2019-05-24

Taco Bell Programming and The Time I Summoned The Ghost of Doug McIlroy (Who Is Still Alive at the Time of This Writing)

Don't overthink things.

If I had one piece of advice for software developers, engineers, and other folks working in careers that value attention to details, it would be this. Don't overthink things.

Think about things, sure. I'm not advocating an "ignorance is bliss" policy or saying that the simplest solution is the only correct one. Far from it; if you have a problem, you should consider all the variables before you implement a solution if you have the luxury of time to do so. Too much time is wasted on trying to forge a perfect bespoke widget that is the exact size and shape of the problem when a much more generic option exists that can get the job done in a fraction of the time.
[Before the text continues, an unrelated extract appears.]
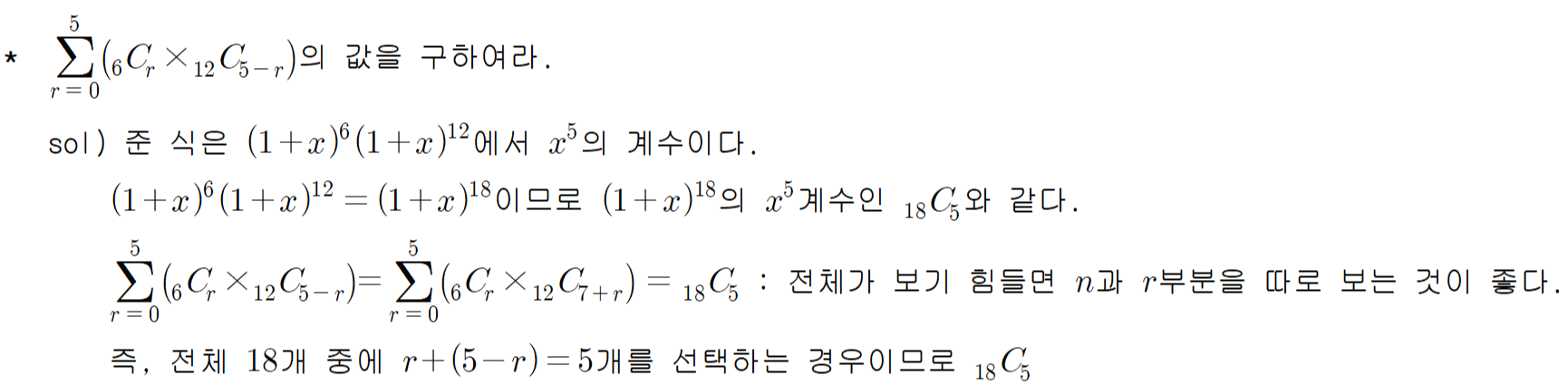 오늘은 이항계수의 성질 중

A recent BSD Now episode (#291) discussed an article about Taco Bell Programming. The idea is that Taco Bell is one of the most successful fast food chains in the US and its entire menu is composed of only a few basic ingredients: meat, cheese, lettuce, tomato, onion, flour tortilla, corn flour tortilla, spices. All basic stuff, but they can be reorganized and arranged into a dozen or more permutations.

It reminded me of the 1986 Jon Bentley challenge. The challenge was simple enough by today's standards: given a text file, do a word frequency analysis on it and print the n most common words in the file. He enlisted Don Knuth to solve the problem, which he did, with a custom language he'd designed called WEB. Knuth's program was mathematically elegant and used a bespoke data structure perfectly tuned to solve the problem. It also had bugs that made it incorrect.
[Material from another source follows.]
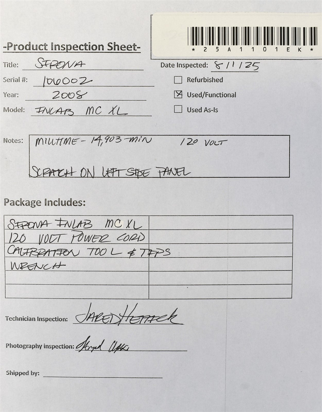 Sirona inLab MC XL milling unit Was inspected for damage and defects, . Powered on unit for functional test. Ran STEPPER test: MOVING test Calibration tested .Mouse and keyboard connected,all lights and buttons were fully functional.120volt. Inspection Result: - Ready for Resale.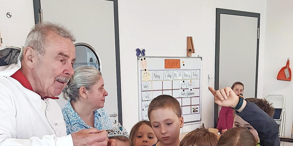 In der zweiten Woche drehte sich alles rund um das Thema Bienen. Die Kinder konnten ihrer Kreativität freien Lauf lassen, viel Neues entdecken und erlebten spannende Aktivitäten. Ein Highlight war der Besuch eines Imkers: Dabei erhielten die Kinder faszinierende Einblicke in das Leben der Bienen und die vielfältige Arbeit des Imkers.

Doug McIlroy, when presented with Knuth's WEB program, complimented its design and cleverness, then produced a new implementation of it in a six-part UNIX shell script:

tr -cs A-Za-z '\n' | tr A-Z a-z | sort | uniq -c | sort -rn | sed ${1}q

Not only is McIlroy's solution more correct than Knuth's custom WEB app (har har), it's short and sweet. In fact, it's trivial to understand if you use UNIX regularly and still easy to digest in simple terms if you don't. It uses four different programs found in the base system, and it only calls sed because head hadn't been written yet. It doesn't require you to download and install the WEB runtime and compile "knuth-1.wb" into a binary that you will only use once in your lifetime.

McIlroy's solution was Taco Bell Programming at its finest, and he taught a valuable lesson that is all too often forgotten, especially now in this era of cloud computing/machine learning/blockchain/distributed buzzword soup. Companies push their complex software as "platforms". The Taco Bell Programming philosophy says that new systems mean new problems and I remember the time I had to pull a McIlroy move of my own several years ago.

I was just a junior sysadmin sitting at my desk, wondering what TV I was going to watch that evening when my boss and his boss walked into my office. When that happens, it's never a good thing.

"John's on vacation and there's a hotfix that the Green Team needs to deploy, can you do it?"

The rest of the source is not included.